The queueing system being used on the rcluster is Platform LSF.
Batch Queues on the rcluster
The rcluster machines have 2 CPUs each. Some of them have "dual-core" (as opposed to "single-core") CPUs, which means they behave as though they had 4 CPUs rather than 2.
Queue names beginning with "s" followed by a number submit jobs specifically to single-core machines. Queue names beginning with "d" submit jobs specifically to dual-core machines. Queues whose names start with "r" don't care which type of machine they send jobs to. Queues defined specifically for the IOB begin with "iob" and queues defined specifically for the Statistics Department begin with "stat".
- Multi-thread jobs submitted to single-core machines (that is, queue names starting with "s" or "iob-s") can have two threads and those submitted to dual-core machines (that is, queue names starting with "d" or "stat-d" ) can have up to 4 threads.
- A job might have slightly different performance on single-core and on dual-core processors. Therefore, for better load balance, we recommend that parallel MPI jobs be sent to the queues that target specifically either single-core machines or dual-core machines, and not to the queues whose names start with "r".
The batch queue can be used for serial jobs (that is, jobs that require only one processor) and for parallel jobs. The form of a queue name indicates how many processors it is limited to and the run time limit. For example, the queue r4-24h has a limit of 4 processors and 24 hours of run time per processor. To submit a job to the resource, first determine your processor number and time requirements. This will determine which queue you need.

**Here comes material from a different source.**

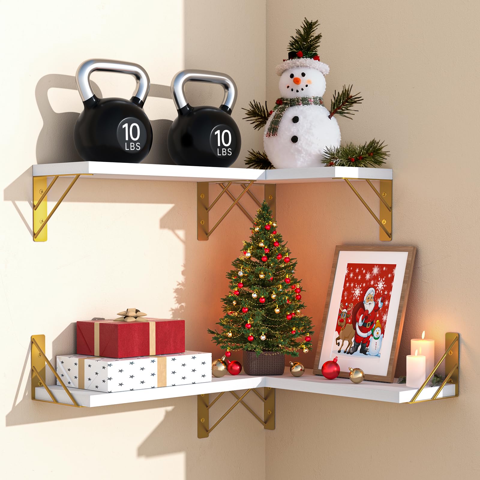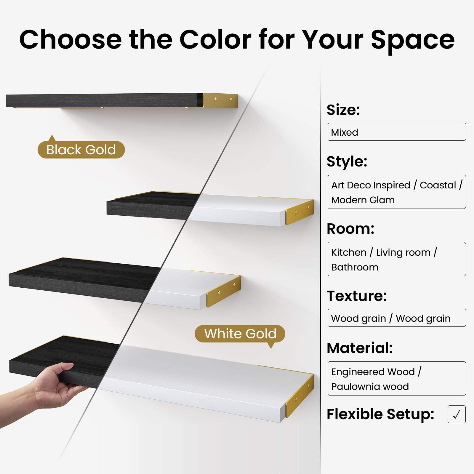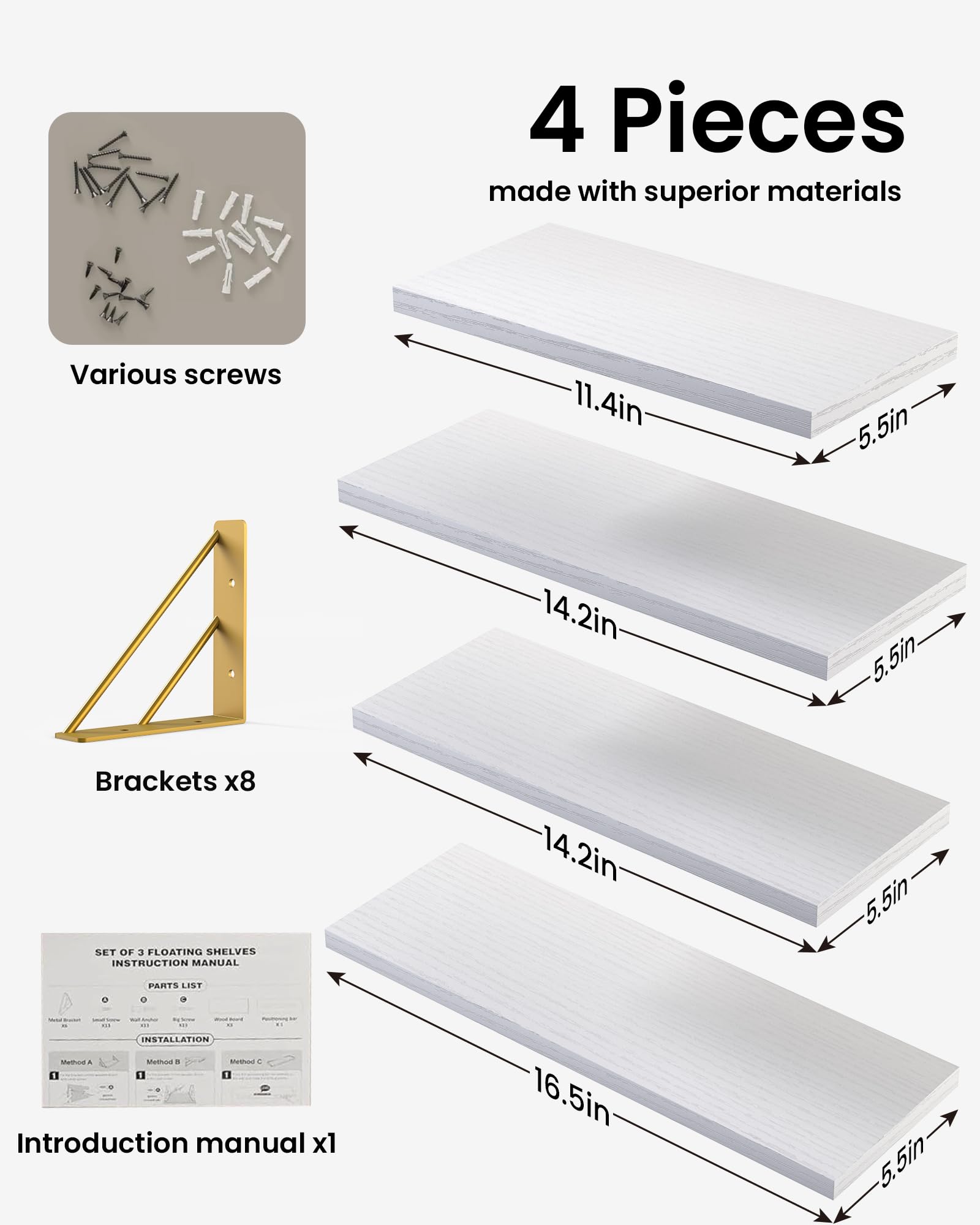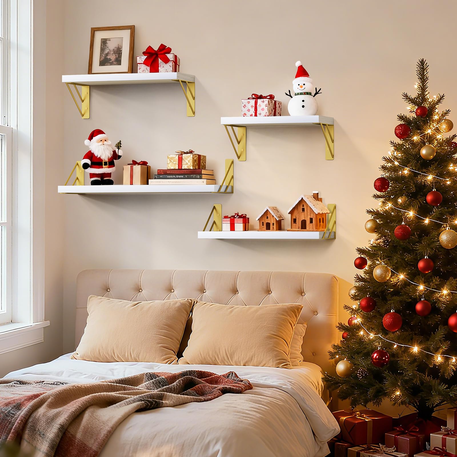 Organize your space with our wall mounted shelves. These white gold shelves are perfect for bedrooms, bathrooms, or living rooms. With their sleek design and easy installation, they are ideal for any room, providing both practicality and a stylish touch
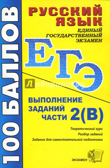 В пособии представлен: теоретический материал, необходимый для выполнения заданий части В Единого государственного экзамена по русскому языку, разборы заданий, тестовые задания для тренировки и проверки уровня своей подготовленности, типовые тестовые задания части 2 (В). Книга рассчитана на старшеклассников, выпускников школ и учителей русского языка.

Here are more examples of queue names:
r1-24h |
One processor, maximum run time of 24h, sends job to either single-core or dual-core machines |
r1-96h |
One processor, maximum run time of 96h, sends job to either single-core or dual-core machines |
r1-10d |
One processor, maximum run time of 10 days, sends job to either single-core or dual-core machines |
r4-24h |
Four processors, maximum run time of 24h per processor, sends job to either single-core or dual-core machines |
s4-24h |
Four processors, maximum run time of 24h per processor, sends job to single-core machines |
d4-24h |
Four processors, maximum run time of 24h per processor, sends job to dual-core machines |
iob-s16-10d |
Up to 16 processors, maximum run time of 10 days, sends job to single-core machines. For IOB's associate members only. |
iob-s32-10d |
Up to 32 processors, maximum run time of 10 days, sends job to single-core machines. For IOB's full members only. |
stat-d16-10d |
Up to 16 processors, maximum run time of 10 days, sends job to dual-core machines. For Statistics Dept. members only. |
For a list of all valid queue names, please use the command queuenames from a rcluster shell prompt.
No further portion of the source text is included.